8 Classification accuracy

To illustrate classification accuracy, here we compare two classifications of flapping migration. The first is using the inbuilt classify_flap function, the second is using pressure change. Both are then compared using compare_classifications and compare_confusion_matrix.

8.1 Classify migratory flapping flight

Once a classification has been performed (here we use the example of a hoopoe, as it’s migratory flight can be prediction using classify_flap)

This creates a timetable of migratory flight events which can be visualised using classification$timetable, as seen below:

Table 8.1: Migration timetable (first 10 rows)
start end Duration (h)
3 2016-08-06 20:20:00 2016-08-07 01:50:00 5.500000
4 2016-08-07 19:40:00 2016-08-08 09:15:00 13.583333
5 2016-08-08 19:30:00 2016-08-09 04:10:00 8.666667
6 2016-08-09 21:15:00 2016-08-10 01:30:00 4.250000
7 2016-08-10 22:30:00 2016-08-10 23:50:00 1.333333
8 2016-08-21 18:45:00 2016-08-22 04:15:00 9.500000

This classification is pretty accurate and we will use this as a reference dataset to compare with another classification: high pressure change. i.e. a high change in altitude.

8.2 Setup the reference dataset

Because the second classification is done using pressure (30 minute data resolution) compared to this classification which was done using activity (5 minute resolution), the activity classification is set to the same resolution as pressure using the create_merged_classification function.

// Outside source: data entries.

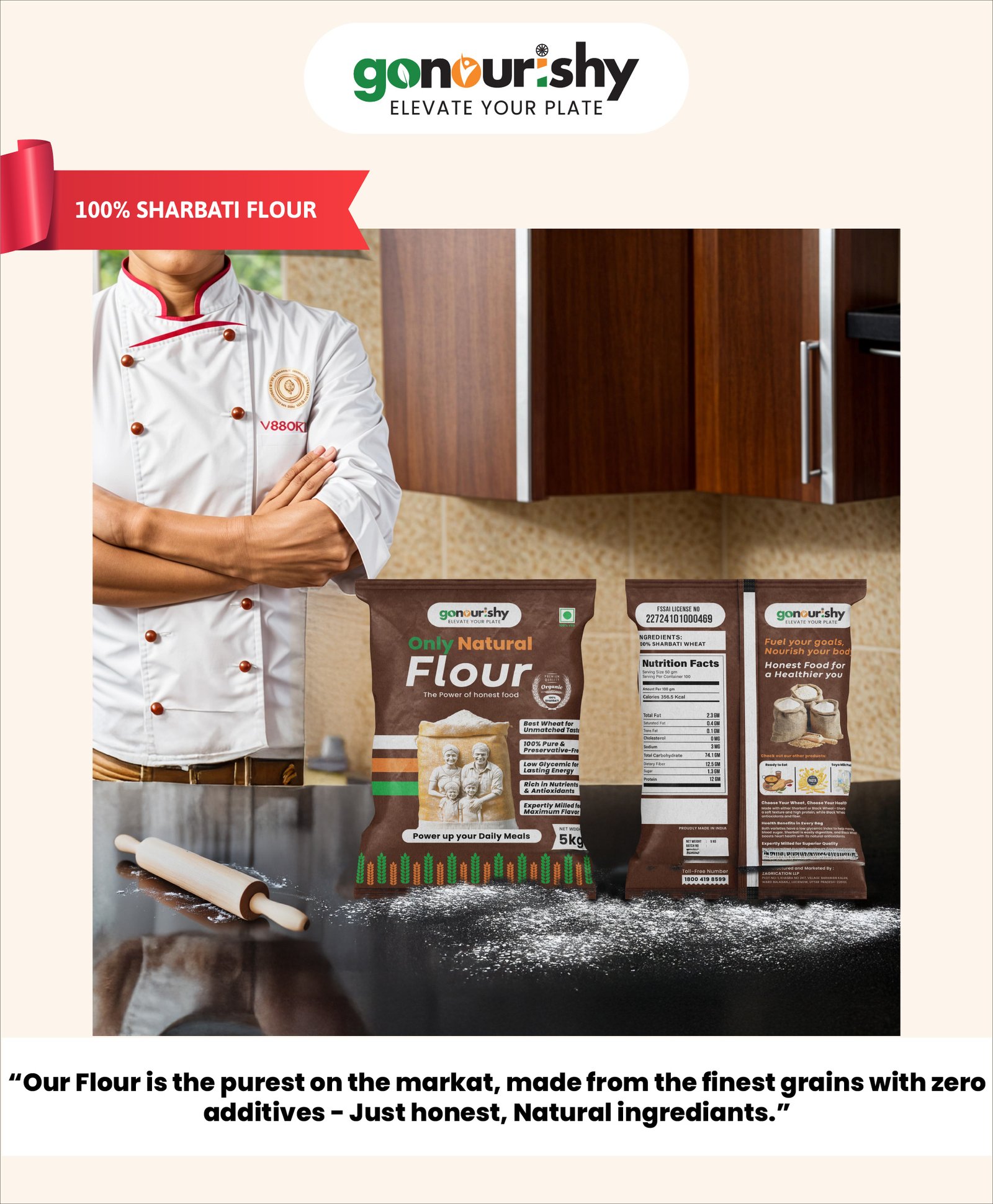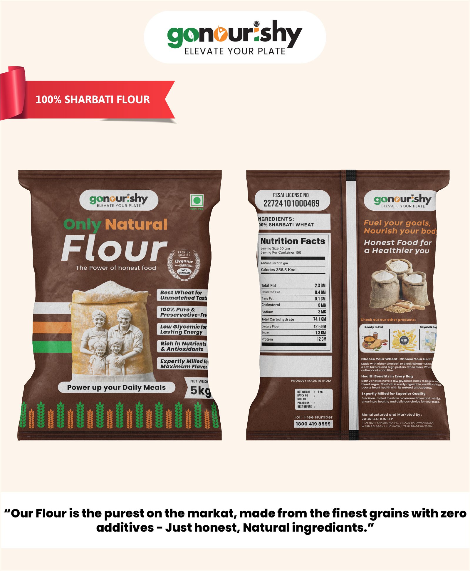 - Pure and Natural – Made from 100% pure Sharbati wheat, with no additives or fillers.
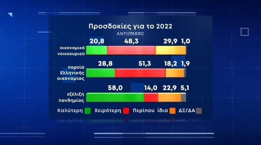 Το 58% των πολιτών θεωρεί ότι η πορεία της πανδημίας θα είναι καλύτερη το 2022 ενώ το ποσοστό αυτό πέφτει στο 20,8% όταν η ερώτηση αφορά τα οικονομικά του νοικοκυριού.
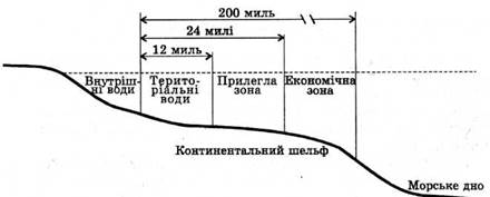 На шельфі океанів і морів добувають мільйони тон нафти, мільярди кубометрів природного газу та інших корисних копалин. Правовий статус морських прибережних територій регулюється Конвенцією Організації Об'єднаних націй з морського права (1982 p.). Виділяють такі зони континентального шельфу: внутрішні води (морські лимани, заливи, лагуни), територіальні води країни, що охоплюють прибережну смугу шириною 12 морських миль, прилеглу зону, яка відміряється від прибережної лінії територіальних вод у глиб океану (моря) на 24 морські милі, та економічну зону шириною до 200 морських миль в сторону відкритого моря (одна морська миля відповідає 1,85 км) (рис. 2) [5]. У межах цих зон закріплюється правовий статус прибережних держав.
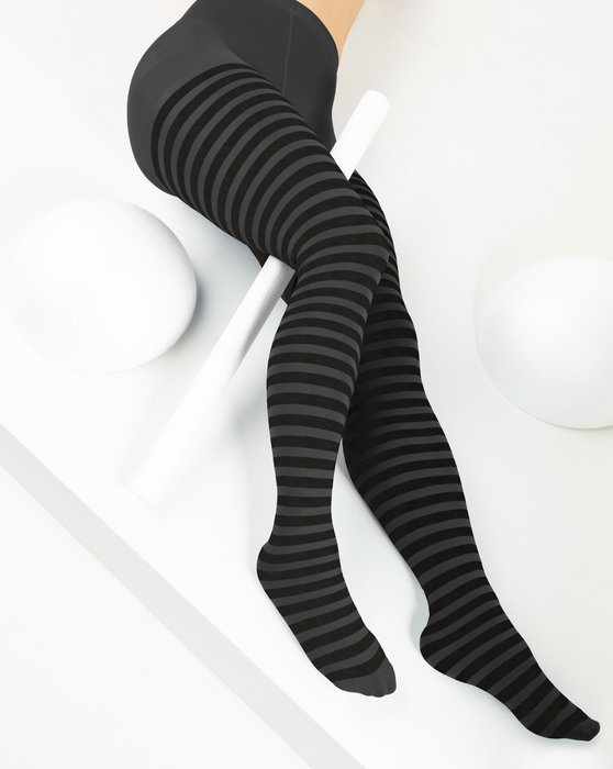 Our black striped tights are a fun addition to your fashionable looks and are great for layering. Let our durable and sporty striped tights add a little sizzle to your standard black tights and create a fashion frenzy that they will find hard to ignore. Perfect for any occasion, available with black and any of our 51+ colors striped. Available in plus sizes!
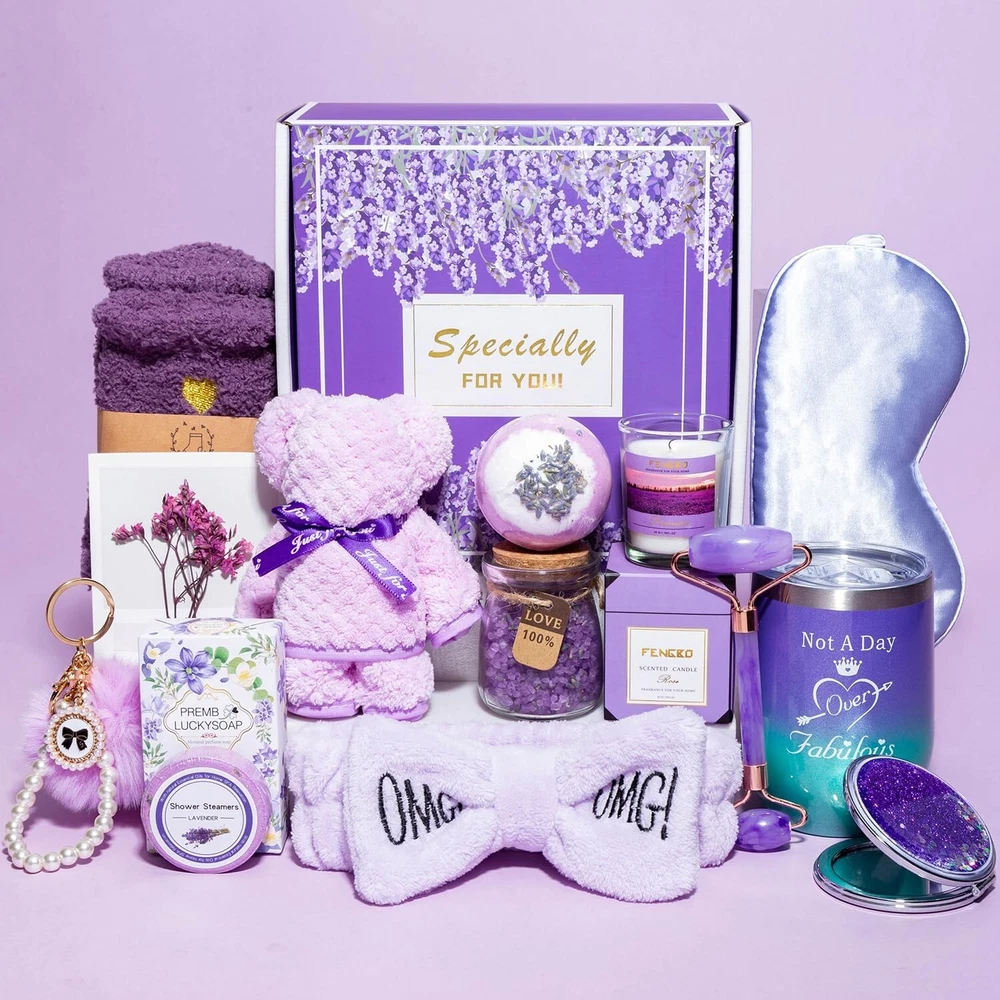 【An Unforgettable Unboxing 】: The unique gift basket contains 1X 12 oz Insulated Stainless Steel Tumbler ,2X Bath Bomb, 1X Sleep Eye Mask,1X Soap,1X Scented Candle,1X Fuzzy Socks,1X Greeting Card,1X Bear Shaped Towel,1X Mirror,1X Cute bow headband,1X Jade Roller,1X Pompom Keychains, 1X Bath sea salt. 【Fragrant and relaxing bath time】 : Life must be tiring at times and she needs a bath to relax her body and mood. Let's remind her to enjoy a happy day. She will surely appreciate your thoughtful birthday gift when bathing in the fragrance and cozying up.ღ 【Premium Material and Elegant Box】: Insulated Wine Tumbler is made of food-grade stainless steel, bath bombs help relax your body. The delicate purple box is designed for women, elegant and sophisticated, Every woman who receives it will feel the heart of the gift giver. 【Memorable Gifts For Who Have Everything】 :This appreciation gifts is perfect for giving to anyone who is special to you, as a present for someone's Birthdays, or as Mother's day gift sets, Thank you gift, Nurse gift, Graduation gift, Retirement gift, Valentine's Day gift, Friendship gift, etc. 【Perfect Gifts for women】: Pamper yourself or someone you care about with this luxurious purple gift basket. This purple gift basket is a perfect gifts for the special women in your life, including your mom, sister, wife, daughter, friend, colleague, neighbor, nurse,teacher.

8.3 Setup the prediction data

Hoopoes seems to perform large altitudinal changes during migratory flight, so we preform a very rough classification by specifying that any altitude change greater than 2 hPa is equivalent to a migratory flight (this is for illustrative purposes only, and should not be used as a definite classification method).

8.4 Compare the two classifications

We can then compare the two classifications point by point using the compare_classifications function.

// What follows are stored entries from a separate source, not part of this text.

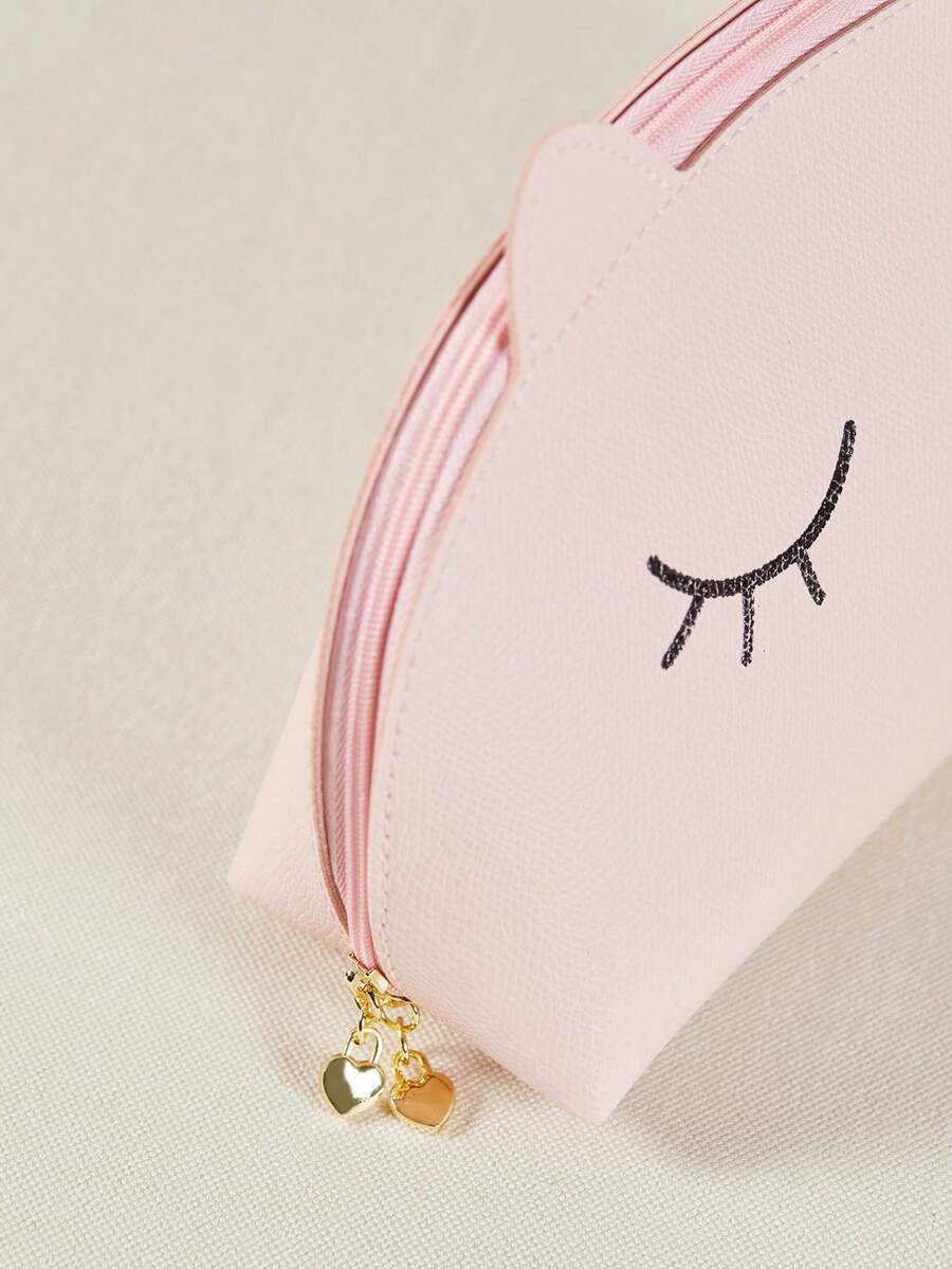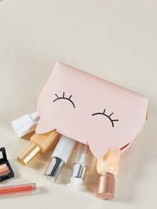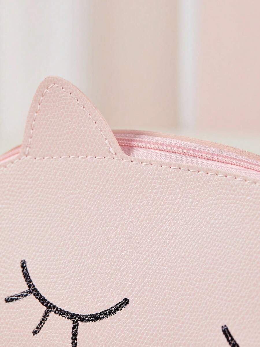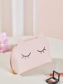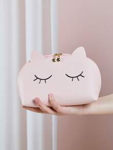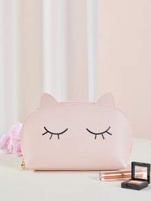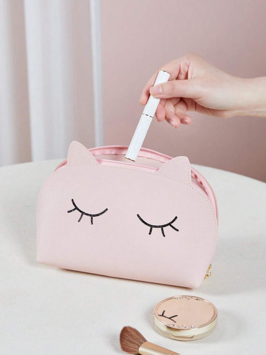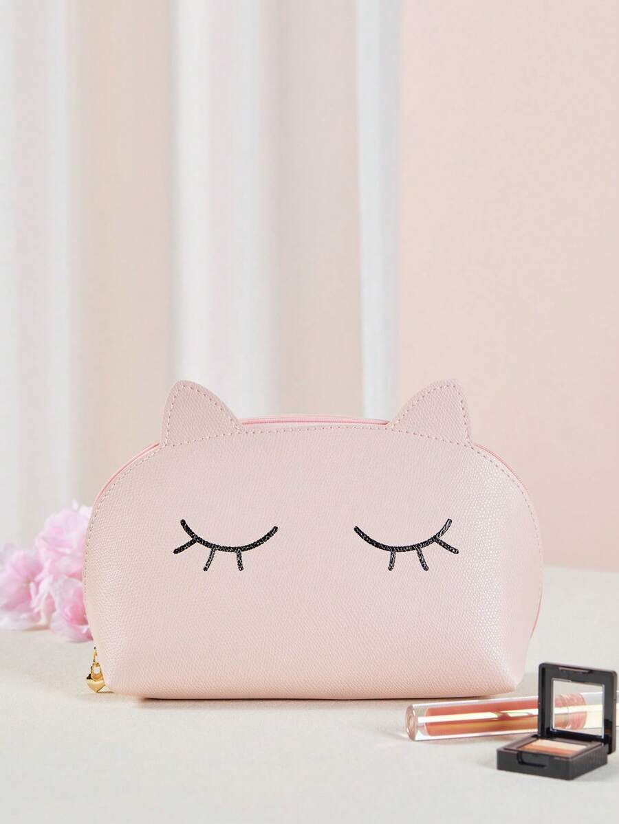 1pc Large Pink PU Cat Design Creative Funny Cutensil European Style Japanese Style Nordic Minimalist Modern Elegant Daily Waterproof Makeup Bag Travel Makeup Bag Cosmetic Bag For Women And Girls Storage Makeup Organizer Makeup Case
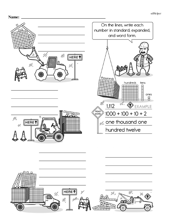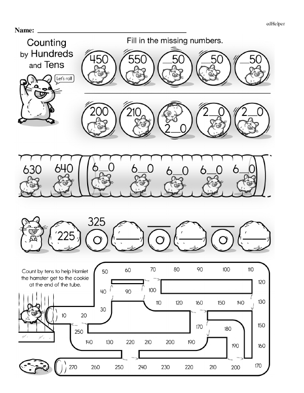 The workbook "Numbers to 1,000" reviews basic counting skills and then introduces the concept of hundreds, in addition to tens and ones. This will help students grasp how numbers are composed and decomposed. Lessons cover reading and writing numbers up to 1,000 in numerals and words. Activities include skip counting by 5s, 10s, and 100s to enhance number sense and fluency. Visual aids such as number lines, base-ten blocks, and charts would improve understanding of this workbook.
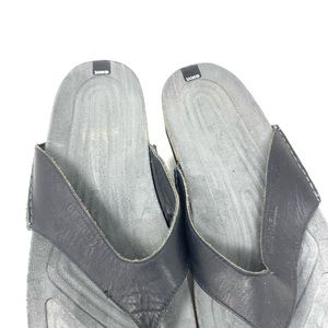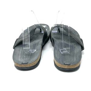 Merrell black leather thong sandals. Men's size 12. A few marks and signs of wear (see photos). In good pre-owned condition. Box not included.
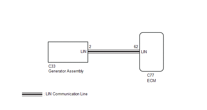 The ECM communicates with the generator assembly via LIN communication. If a LIN communication error is detected, the ECM stores this DTC.

This puts both classifications side by side, and shows how many classifications provided each class, as well as the agreement between the two, as can be seen below.

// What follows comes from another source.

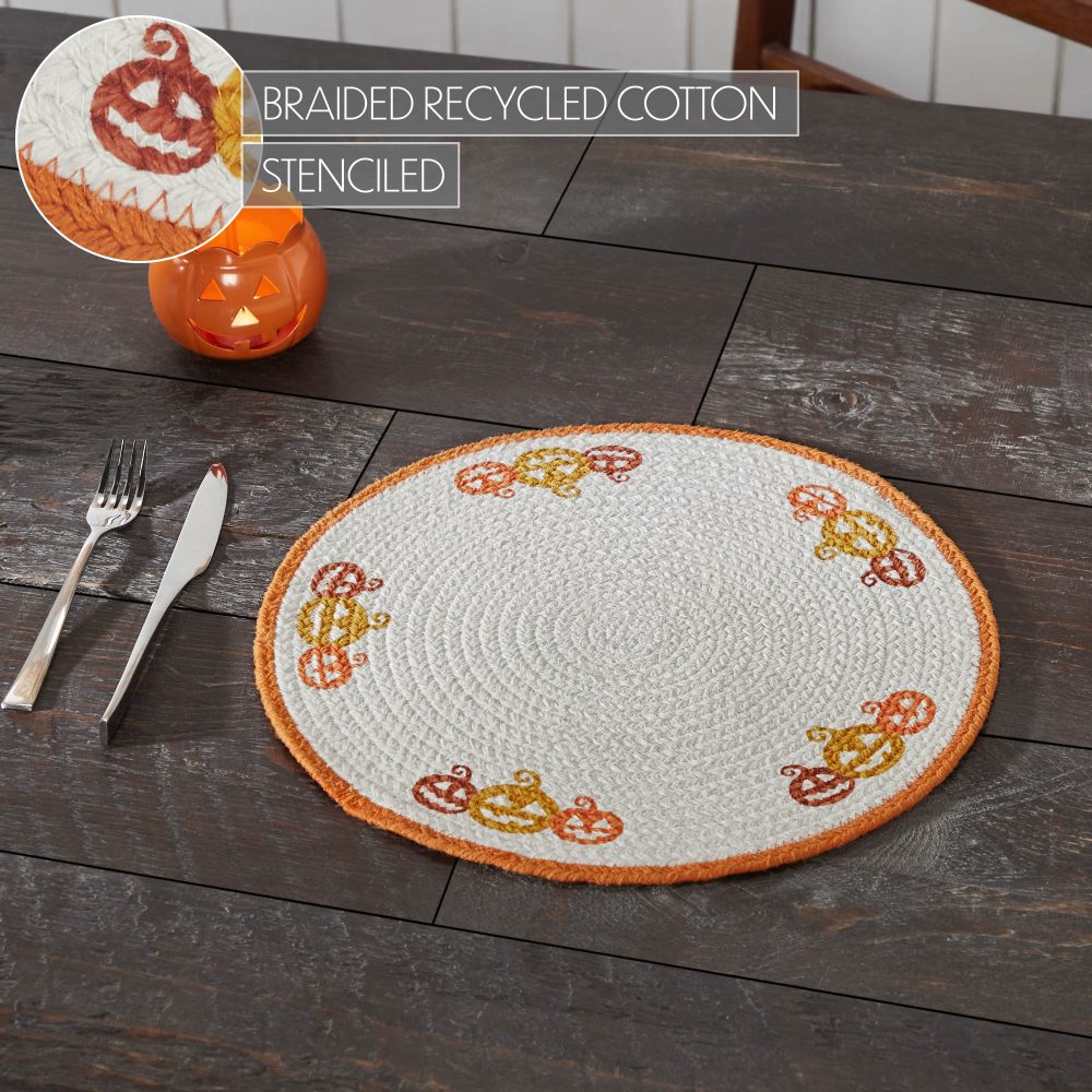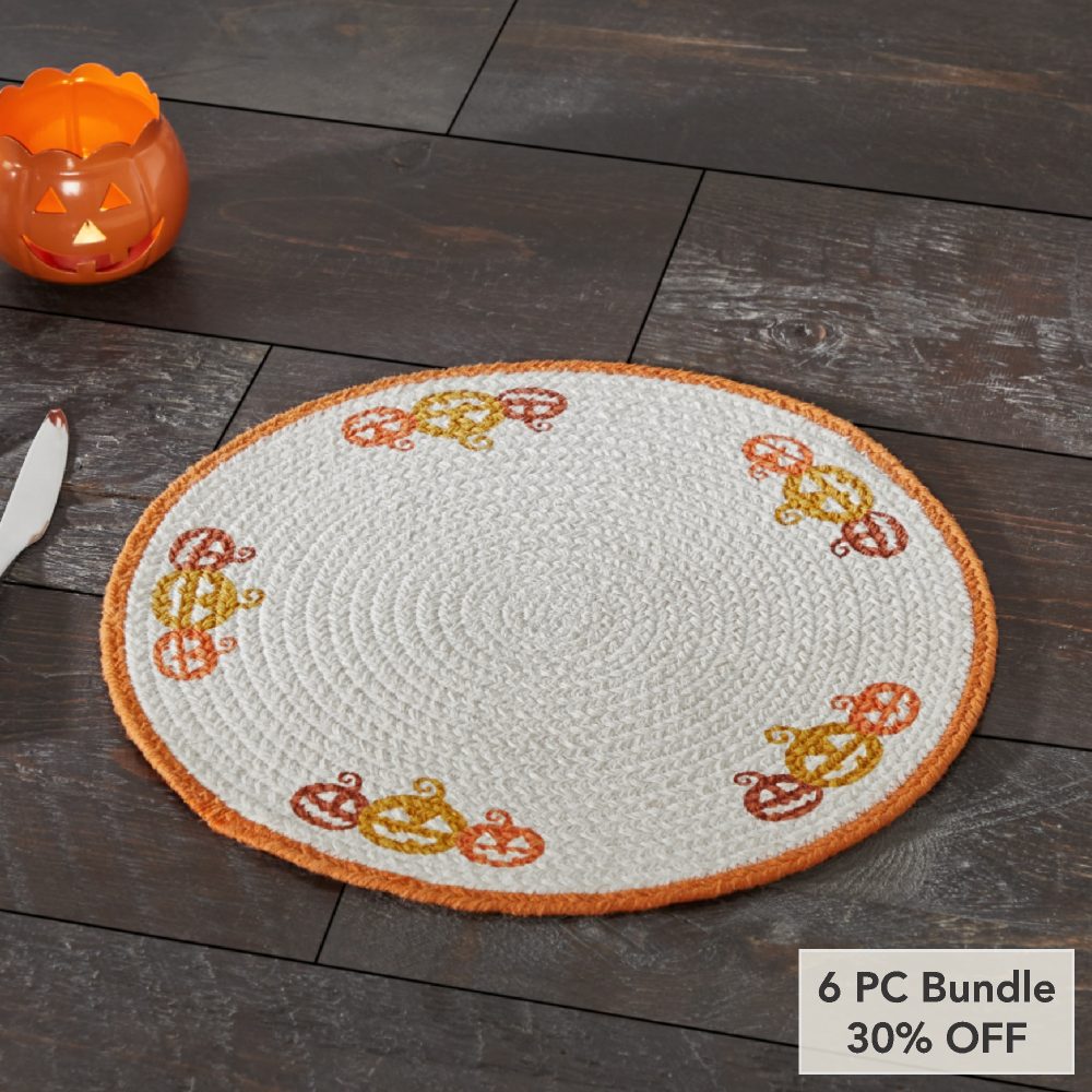 - Sku – 85519 – Rustic Farmhouse Halloween Round Placemat 14 inch Stencil Fabric Table Mat with Autumn Pumpkin Bat Design Set of 4 for Fall Decor (6 Packages)

Table 6.2: Comparison of both classifications (first 10 rows)
reference prediction Migration Other agreement
Other Other 0 2 TRUE
Other Other 0 2 TRUE
Other Other 0 2 TRUE
Other Other 0 2 TRUE
Other Other 0 2 TRUE
Other Other 0 2 TRUE

8.5 Create a confusion Matrix

A confusion matrix uses predicted and reference points and estimate:

  • Errors in Commission provide a measure of false negatives i.e. the number of points that were predicted to be part of a class that they were not (probability something was incorrectly prediction FN/(TP+FN)).
  • Errors in Omission provide a measure of false positives that were predicted to be in a different class from their actual class (probability that something was missed FP/(FP +TP).
  • Producer Accuracy or Precision provides a measure of how likely something was missed by the classification (probability that something was not missed TP/(TP + FP)).
  • User Accuracy or Recall represents the probability that a class was correctly prediction TP/(TP + FN).
  • Overall Accuracy represents the probability that all classes were correctly prediction (TP+TN)/(TP+TN+FP+FN).
  • Kappa Coefficient measures the agreement between the classification and the truth ((TN+FP) (TN+FN) + (FN+TP) (FP+TP)) / (TP+FP+TN+FN)2
Table 8.2: Confusion Matrix
Ref Other Ref Migration Row_Total Commission_Error Users_accuracy Total_accuracy Kappa_Coeff
Pred Other 2.990700e+04 104.0000000 30011 0.0034654 0.9965346 NA NA
Pred Migration 8.000000e+01 726.0000000 806 0.0992556 0.9007444 NA NA
Col_Total 2.998700e+04 830.0000000 30817 NA NA NA NA
Omission_Error 2.667800e-03 0.1253012 NA NA NA NA NA
Producers_accuracy 9.973322e-01 0.8746988 NA NA NA NA NA
Total_accuracy NA NA NA NA NA 0.9940293 NA
Kappa_Coeff NA NA NA NA NA NA 0.9483213

8.6 Overall accuracy

The total accuracy is 99.4% which is not bad. Most of the error comes from the omission of some migration periods by the prediction i.e. there are periods where the bird is performing a migratory flight, but remains at the same altitude and are therefore missed by the classification. However, this is only for 1.25% of the points.